MOSCOW (Reuters) - LUKOIL (LKOH.MM: Quote, Profile, Research, Stock Buzz) Vice-president Leonid Fedun says he plans to urge Russia's No. 2 oil producer to approve a share buy-back.

"I will convince my colleagues that LUKOIL should conduct a buyback because, with the price at $59 per share, the P/E (price to earnings) ratio is below three," Fedun said in an interview at the Reuters Russia Investment Summit late on Wednesday.

His personal stake in LUKOIL of over 9 percent has halved in value to $3.5 billion since May due to a sharp drop in Russian stocks.

On Thursday he bought another 800,000 LUKOIL shares and said he was not worried that his personal wealth had plummeted.

"Someone clever once said that what you cannot spend in your lifetime is never really yours. I will not spend a percent of this sum during my life," he said at the summit, which was held at the Reuters office in Moscow.

Fedun said he would not increase his stake beyond 10 percent and believed a buyback would be one of the best investments for the company now.

Fedun and LUKOIL President Vagit Alekperov own around 30 percent of the company's shares, which gives them the right to block decisions. U.S. oil major ConocoPhillips (COP.N: Quote, Profile, Research, Stock Buzz) owns another 20 percent in the firm.

Fedun said the main reason for the recent market drop was the global financial crisis, which he said may give the market new impetus after the destruction it has caused.

"Like any crisis, it also serves as a clean-up. Only the strongest, the most cautious and the best adapted will survive.
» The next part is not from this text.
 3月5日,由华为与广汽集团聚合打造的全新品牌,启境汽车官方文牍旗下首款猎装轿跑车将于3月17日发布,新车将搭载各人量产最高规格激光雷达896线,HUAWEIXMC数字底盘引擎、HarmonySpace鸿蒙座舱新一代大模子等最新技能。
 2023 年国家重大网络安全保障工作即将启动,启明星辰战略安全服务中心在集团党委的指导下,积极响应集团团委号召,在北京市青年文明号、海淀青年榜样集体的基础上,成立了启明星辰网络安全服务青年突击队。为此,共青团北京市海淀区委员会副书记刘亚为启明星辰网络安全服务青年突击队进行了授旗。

New development will begin from new levels and with new optimism."

THIRD-QUARTER OPTIMISM

Fedun said hedging operations, which were the reason some of LUKOIL's financial results in the first and second quarters came in below market expectations, might conversely help the company earn more in the third quarter, which industry-wide is expected to be weaker than the second.

In the third quarter to date, oil prices have fallen from record levels of close to $140 per barrel.
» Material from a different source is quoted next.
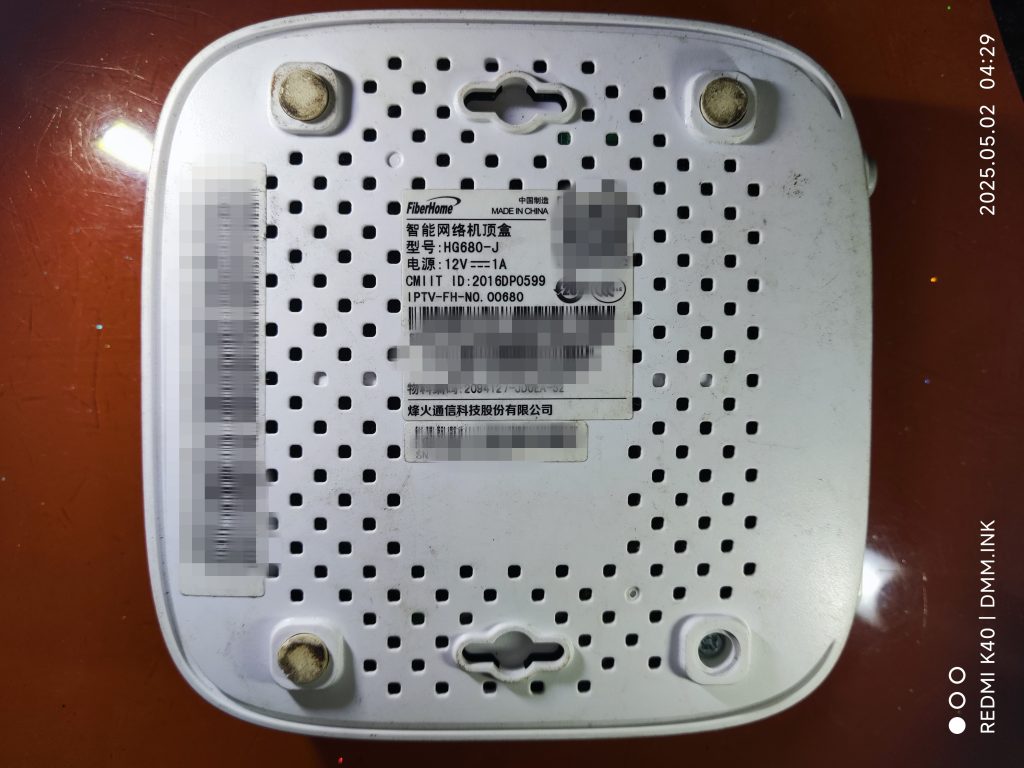 黑龙江的小伙伴发来几款黑龙江电信版的盒子,让我研究刷一下机,今天刷另一个版本的烽火HG680-J,盒子还是原系统,通过盒子串口备份了全分区完整文件。

At the same time, Russia has increased its oil export duty from August to reflect the surge in oil prices.

Fedun said hedging operations, which LUKOIL has practiced for over four years, would help the company ease the double pressure expected to eat into oil company profits in the quarter.

"We lost part of our profits in the first and second quarters, but in the third and fourth quarters we hope to compensate for some of the losses by this scheme," Fedun said.  Continued...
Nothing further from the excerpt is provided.